Some traditional learning environments may prove difficult for people who have certain learning or physical disabilities. DLEs can provide an environment where these people have access to additional learning opportunities. It could also be argued that traditional learning methods provide inclusions to those who do not have access to the internet or regular access to a computer or smart device.

Limitations with implementing a Digital Learning Environment

Implementing a digital learning environment within an organisation can have many positive impacts. However, some organisations may face some limitations. I’ll look at highlighting them now.


Whilst many digital learning environments offer free services, such as Moodle, there are some costs attributed to these. Some of the costs involved may be hiring a someone to manage the DLE, the cost of hosting the DLE on a server and if hosting on your own server, the cost of hiring a technician to maintain it. Some smaller or government funded organisations may not be able to maintain the ongoing costs of managing a VLE or not have the funds to execute the VLE properly.


Teachers would have to make time to maintain their work on the DLE. There would have to be additional time set aside for managing the site, performing updates and setting/managing targets. Teachers may feel like this is an unnecessary strain on their time. Additionally, they will have to teach students how to use it, which may take up other teaching time.

Change of behavior

Encouraging students and teachers to change from conventional teaching/learning methods may be difficult. This can be due to people being stuck in old methods of thinking, alternatively, it could be through lack of time to research new methods or learn new skills.

Website downtime

There are many technical problems that can arise and cause the website to suffer from downtime. This can leave teachers and students missing work and unable to access new information. The ongoing repercussions of this downtime could be that students and teachers have a lack of trust in the site and therefore do not want to rely too heavily on it for learning resources. It could also result in a loss of data, meaning work that was completed or resources that were uploaded could have been lost.

Barriers to Effective Communication

One of the biggest failures within a learning or business environment is miscommunication. Instances of miscommunication can cause serious problems when trying to convey important information and especially in a learning environment. In this post I will be looking at barriers to effective communication in a learning setting.

The use of jargon – Using and not explaining complicated jargon. Technical terms or acronyms can cause confusion for learners.

Distractions – Other learners, talking, music or focusing on other objects i.e. staring out of a window.
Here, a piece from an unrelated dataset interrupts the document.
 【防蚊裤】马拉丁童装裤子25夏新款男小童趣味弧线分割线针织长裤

Physical disabilities – Hearing problems, speech difficulties or poor/no sight (see non-verbal communication).

Non-verbal communication – Not being able to see body language, hand gestures or eye contact.
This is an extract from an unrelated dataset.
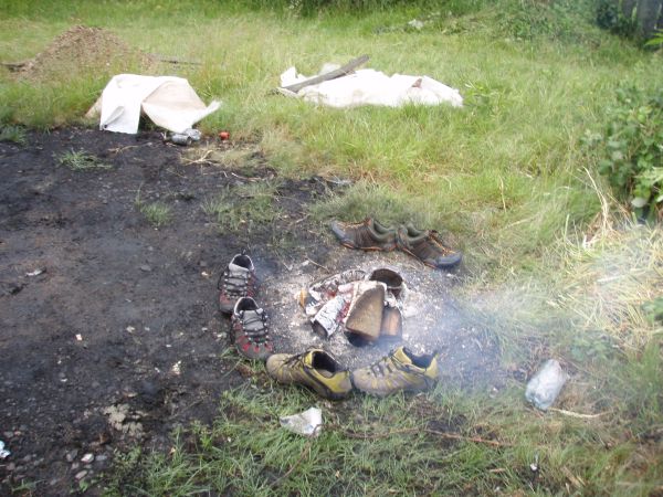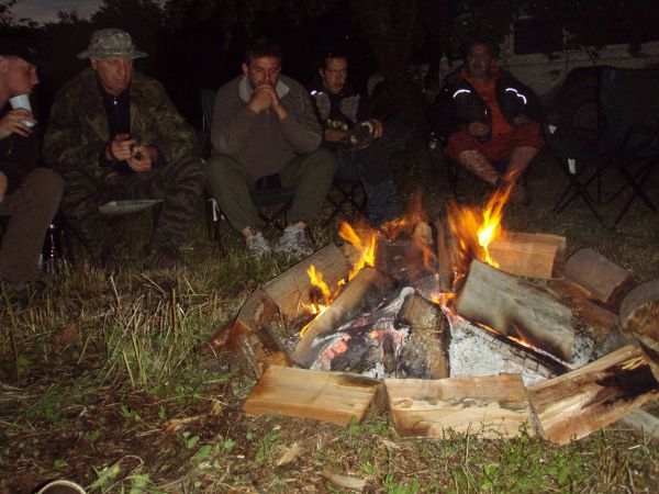 8.00 hod. - Tak konečně první večer u táboráku bez deště. Pěkně jsme si u ohně s kytarou a tamburínou zabékali :-). Pak jsme zadělali Medvědům zip na stanu stahovačkou,

Language – Either a learner or a tutor communicating in a language that isn’t their first language can create a barrier to understanding and possibly create misunderstandings.

With the increased use of digital media within a learning environment this has introduced more barriers to effective communication.

Expensive equipment – To access additional resources learners may be encouraged to use technology. Some learners may not have the money to buy the necessary equipment.

Internet access – Increased use of cloud storage means access to the internet is vital. Some people may not be able to find a quality internet connection and access the resources necessary for learning.